Novel Combo With Engineered NK Cells in Early Trial for Breast Cancer

At the San Antonio Breast Cancer Symposium,Margaret Gatti-Mays, MD, MPH, of the Ohio State University in Columbus, discussed the ongoing phase Ib/II DiG NKs trial, which is assessing gemcitabine, transforming growth factor beta (TGF-β)-imprinted natural killer (NK) cells, with or without the GD2-binding antibody naxitamab (Danyelza) in metastatic GD2-expressing breast cancer.

In this exclusive MedPage Today video, she discusses what led to the trial, the technology involved, and what they hope to achieve.

Following is a transcript of her remarks:

The background behind the trial really goes back to some of the research I did when I was at the National Cancer Institute regarding transforming growth factor beta, or TGF-β. And so this is a pleiotropic cytokine that in late breast cancer can cause cancer to progress, whereas in early breast cancer actually can be tumor suppressive.

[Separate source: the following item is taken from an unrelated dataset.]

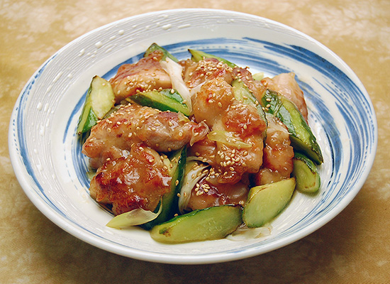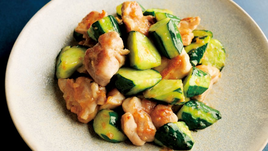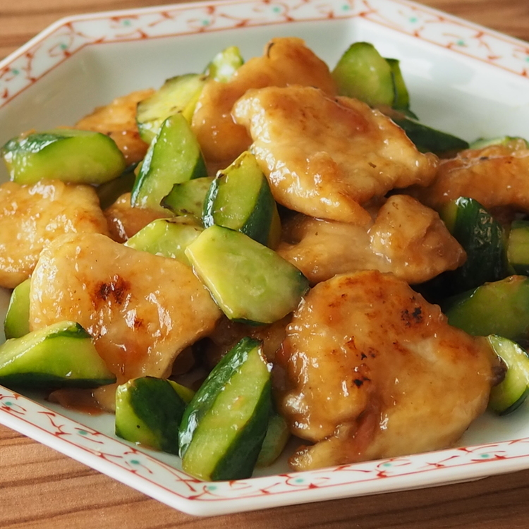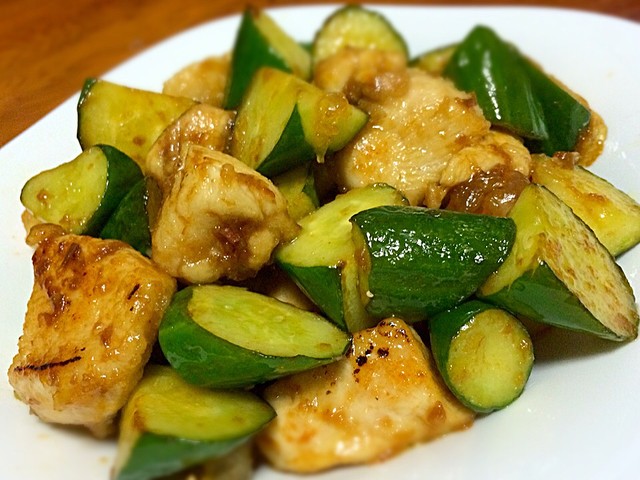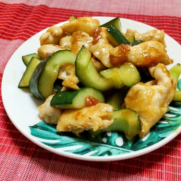梅でさっぱり♪鶏むねときゅうりの中華炒め。
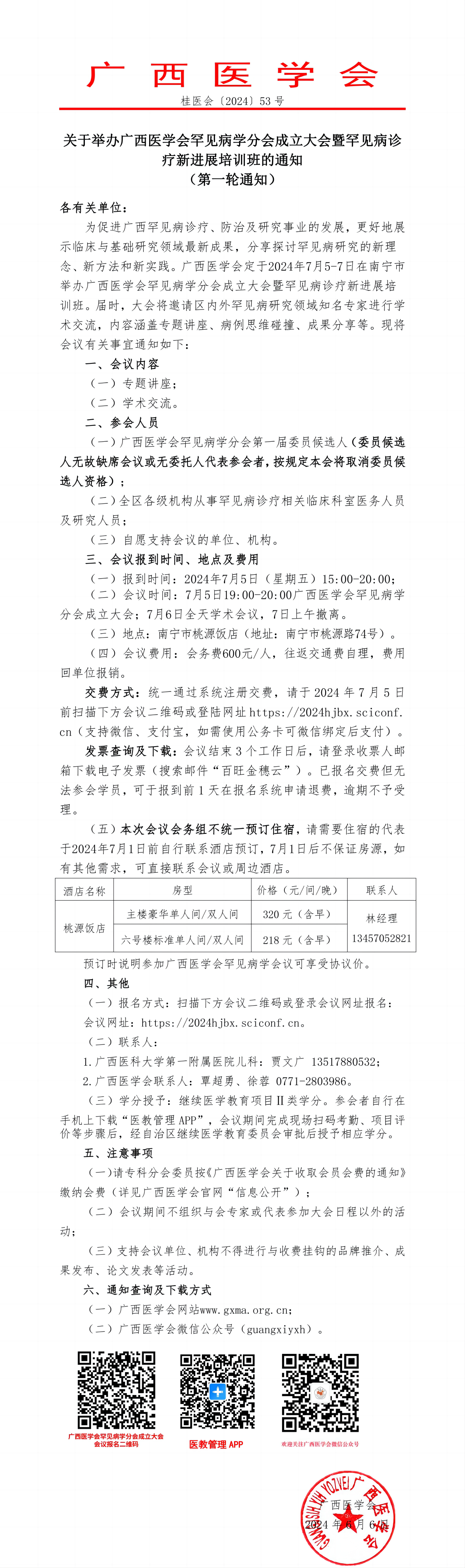 关于举办广西医学会罕见病学分会成立大会暨罕见病诊疗新进展培训班的通知(第一轮通知)

And so in metastatic breast cancers that secrete TGF-β, they tend to be very aggressive. It tends to lead to chemo resistance and immunotherapy resistance.

So in working with Dr. Dean Lee at Nationwide Children’s Hospital in Columbus, Ohio, he was able to create a TGF-β-resistant natural killer cell. And so through using the healthy cells of patients that do not have cancer, he was able to collect them through the blood, was able to then engineer them by expanding them through IL [interleukin]-21 and then exposing them to TGF-β. This created natural killer cells that then were resistant to TGF-β. And so that product is created at the cell therapy lab at Ohio State.

And so around the time that we started discussing the trial, we wanted to look for a companion or chemotherapy combination to use with the natural killer cells. Natural killer cells are often used with chemotherapy almost to augment the chemotherapy activity.

And so in this clinical trial, we are using gemcitabine to help with cytotoxic killing of the cancer cells. Gemcitabine also increases androgen presentation and has a lot of very positive immune effects that can augment natural killer cell cytotoxicity as well.

In addition to using gemcitabine and the natural killer cells that are TGF-β imprinted, we also are combining an anti-GD2 antibody called naxitamab that’s provided by Y-mAbs. Naxitamab, as I said, is an anti-GD2 antibody. It’s currently approved in pediatric neuroblastoma, but several solid tumors in addition to neuroblastoma also expressed GD2.

Breast cancers are estimated… approximately 60% of breast cancers in some studies expressed GD2. And so we’re hoping to use the combination of the gemcitabine first to try to kill the cancer cells using the naxitamab to help increase the antigen presentation and the targeting of the cancer cells. And then using the natural killer cells to really hopefully augment the cytotoxic killing of the other two agents.